There was a point in my life when I so clearly remember someone coming up to me in the middle of my sharing to ask, “Why are you still like this? It has been so long already.” In reality, it had barely been a month after my dad’s passing.
Despite having known that he will leave us ever since he was diagnosed with cancer 6 years ago, I was unable to accept reality when it happened and I was too heartbroken to pick up the pieces after he left. Growing up, our relationship as father and daughter was closer than most. He was the loving parent who placed me first above all, and the person who would do anything and everything for me. He was someone whom I depended on and trusted with my whole heart. When he departed last year, I remember it being a particularly difficult year to endure. Perhaps it was because many around me couldn’t comprehend the extent of my grief. Perhaps, it also made me realise how much my dad meant to me and thus, inflicting a deeper degree of pain in my heart.
…I never faltered and was able to overcome them all knowing that I have a Big God. However, I hit a wall with my dad’s death.
In the past, whenever I reflected on the ups and downs in my life, I always prided myself on being able to face them with a positive mindset, moving on quickly from my losses — from losing the car I had always dreamed of, getting robbed, to losing my five-figure income overnight, I never faltered and was able to overcome them all knowing that I have a Big God. However, I hit a wall with my dad’s death. If not for God, there were just too many an occasion where I felt like giving up altogether on life, to just jump off the condominium I was living in because I didn’t want to face tomorrow, not without him. Barely able to muster enough strength to face each passing day, I lived without purpose and direction. My business dwindled. Everything else felt like it was withering around me and I grew desolate.
During this time, I spent most of my days alone because I did not wish to talk to anyone. I travelled on my own to many places and while many learned of my travels from Facebook, not many knew the grieving that was going on the inside of me. I was taking a break from life to allow God to deal with my grieving. I was seeking His grace, just so I’d have enough to press on each day.
We just need to embrace every season as they come and trust that our God is a good God and that He will make everything work in His ways.
It was last year while I was in Vancouver that God spoke to me. It was autumn and the weather was gloomy and grey — as was the condition of my life. I was questioning myself inside out, “Why am I so weak when I have such a great God?”. Having forced myself to move on to no avail, I struggled to understand myself, even becoming upset with myself. It was during these dark moments that God reminded me of His presence. He said in Eccl 3:1, “To everything there is a season. A time for every purpose under heaven.” Verse 4 says, “A time to weep; And a time to laugh. A time to mourn; And a time to dance.” God gently and lovingly reminded me that I am weak and therefore, I needed Him in my life. I realised I didn’t have to rush through the season, only to embrace it. Just like autumn, the leaves fell off from the trees. After winter, they will return anew — a cycle that happens every year. But just like our lives, it’s not a process we can rush. We go through autumn and winter in our lives, and spring and summer will certainly follow. We just need to embrace every season as they come and trust that our God is a good God and that He will make everything work in His ways. Eccl 3:11 says, “Yet God has made everything beautiful for its own time.”

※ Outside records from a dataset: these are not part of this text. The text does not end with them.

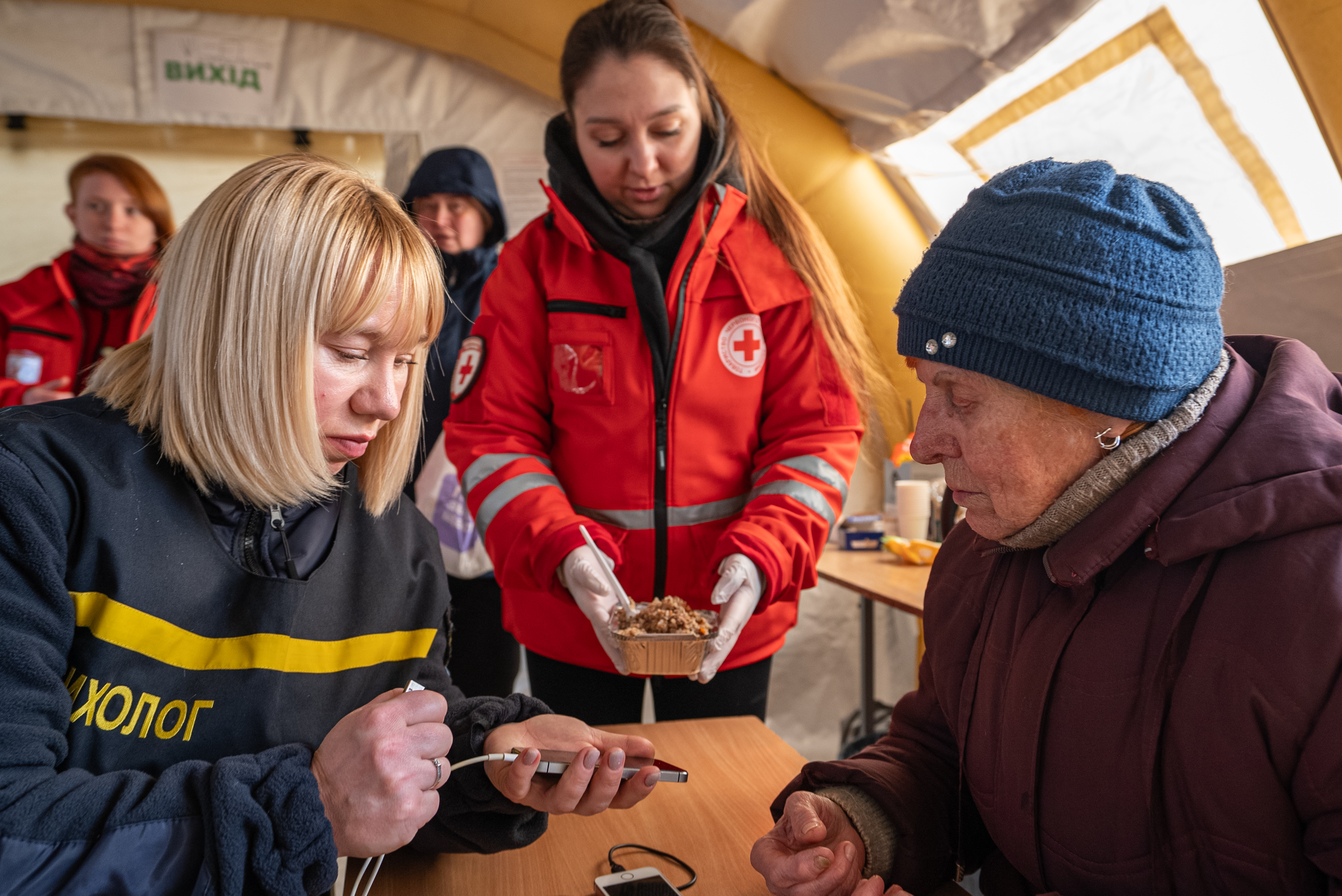 Ukrainan Punainen Risti auttaa liikkuvissa lämmityspisteissä noin 1 500 ihmistä joka päivä. Lisäksi se on toimittanut generaattoreita turvaamaan varavoiman saantia energiakatkosten aikana.
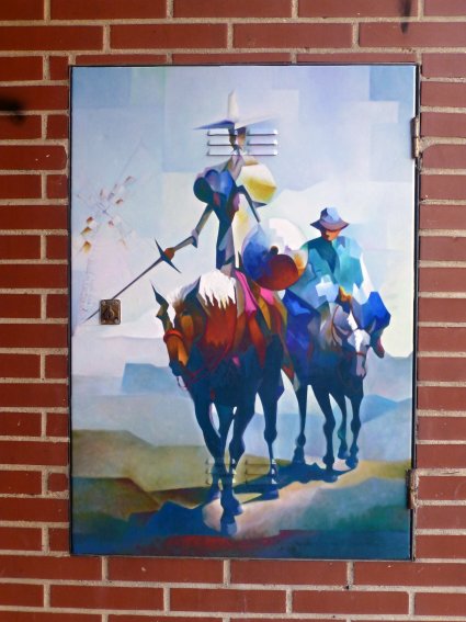 En el cercano paseo de los Curas, concretamente en el zaguán del portal del número 8, nos encontramos con esta original representación de Don Quijote y Sancho Panza pintada sobre la tapa metálica de un registro, lamentablemente anónima y sin fecha de ejecución.
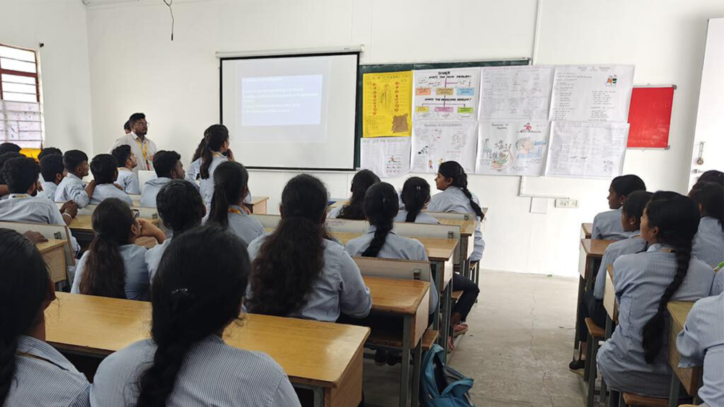 The activity was conducted in a structured and interactive manner. Ms. Priya explained the first-aid protocol step by step, beginning with ensuring scene safety, checking responsiveness, and monitoring breathing. Demonstrations included positioning the patient flat, elevating legs to improve blood flow, loosening tight clothing, and maintaining airway support. Students also worked in groups to prepare colourful charts on causes, symptoms, emergency steps, types of shock, and dos and don’ts during an episode. These charts were displayed in the classroom, making the learning process visual and collaborative.
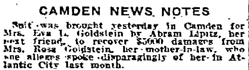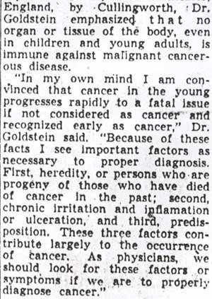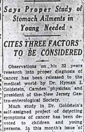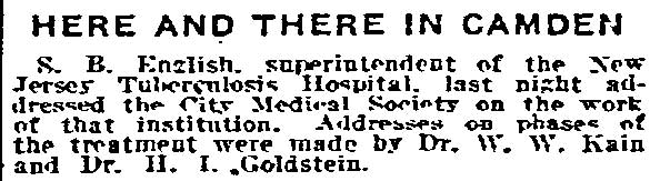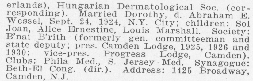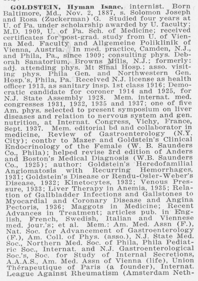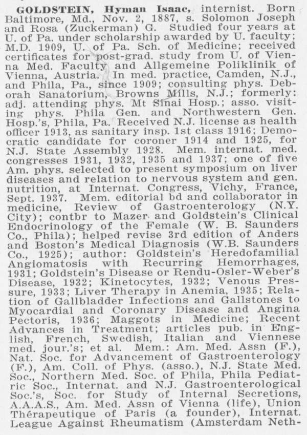 DR. HYMAN I. GOLDSTEIN was born in Baltimore MD on November 2, 1887, the oldest of four children of Solomon Joseph and Rose Zuckerman Goldstein. The Goldsteins moved to Camden NJ in the mid 1890s, and within a short time settled on broadway, south of Kaighn Avenue. Of the other Goldstein children, both Leopold Z. Goldstein and Henry Z. Goldstein would also become doctors. Daughter Sadie who would marry Dr. David E. Cooper, who practiced dentistry in Camden and South Jersey for many years. Hyman I. Goldstein was a 1905 graduate of Camden High School. attended the Medical School of the University of Pennsylvania, where he received his doctorate in 1909. He spent his internship at the Mount Sinai Hospital, the Northwestern General Hospital as well as at the Philadelphia General Hospital, and subsequently worked as an internist in Camden, New Jersey. At the time of the 1920 census, the Goldstein family was living at 1425 Broadway in Camden, and Dr. Goldstein was already engaged in the practice of medicine. He married Dorothy Wessel shortly thereafter. The marriage produced three children, Joan, Alice and Louis Marshall. Marshall later also became a physician, practicing in Miami, Florida. Dr. Goldstein practiced medicine, specializing in gastroenterology, and was involved in research, devoting much time to the study of Rendu-Osler-Weber disease. He contributed to the third edition of Textbook of Medical Diagnosis (Philadelphia, 1925) by James Meschter Anders (1854-1931) and L. Napoleon Boston (1872-1931). This book was first published in 1911. He also contributed to the book International Clinics (Philadelphia, 1918, 1921, 1927) as well as numerous journals. He was also worked closely on many cases with Dr. I.S. Ravdin, of the University of Pennsylvania. He is also noted as the discoverer of Goldstein's Toe Sign, a clinical sign characterized by increased space between the great toe and its neighbors, in cases of Down's Syndrome and occasionally in cretinism. Dr. Goldstein ran for coroner as a Democrat twice, in 1914 and in 1925, and for New Jersey State Assembly in 1928. He was unsuccessful in these ventures, however. Dr. Hyman Goldstein was still practicing medicine at 1425 broadway as late as 1951. He passed away in 1954, and is buried in New Camden Cemetery in Camden NJ. Dr. Goldstein's maternal uncle was Austrian timber magnate Isidor Zuckermann. |

It was also during this season that Pastor Kevin launched the theme for our church; STRONGER. I knew, at that very moment, it was a confirmation from God. My breakthrough is coming and my new season has arrived. Pastor Kevin said “When we have problems, seek God, not people”, and it hit me right in the heart. All these while, I was always steady because I anchored my hopes and confidence in my dad, knowing that he had my back. When he was gone, I lost my pillar and began to carry the burdens with my own strength, constantly questioning and doubting myself. Similarly, when I was a younger Christian, the first person I would turn to when I had a problem was my mentor, Shirley Boon. It was a simple reflex to look for people for help. I sought people when I should have sought God. I was taught to control my emotions lest I be controlled by it. Ironically, it was my own battle with emotion that made me realise how weak I was. More than self-control, I needed to bring my emotions before God. As I journey on this walk with Him, I am learning to depend on Him more and more; leaning on others and even myself less and less.
More than self-control, I needed to bring my emotions before God.
Living in the fast pace of the city lifestyle, we are constantly rushing from one agenda to another, barely pausing to rest. It is in the experiencing God’s presence that we find rest, and more. In those very still moments with God, miracles happen, visions birth forth and healing take place.
When we choose to open our hearts, God whispers His secrets to us: His love is perfect, and it’s more than enough for us.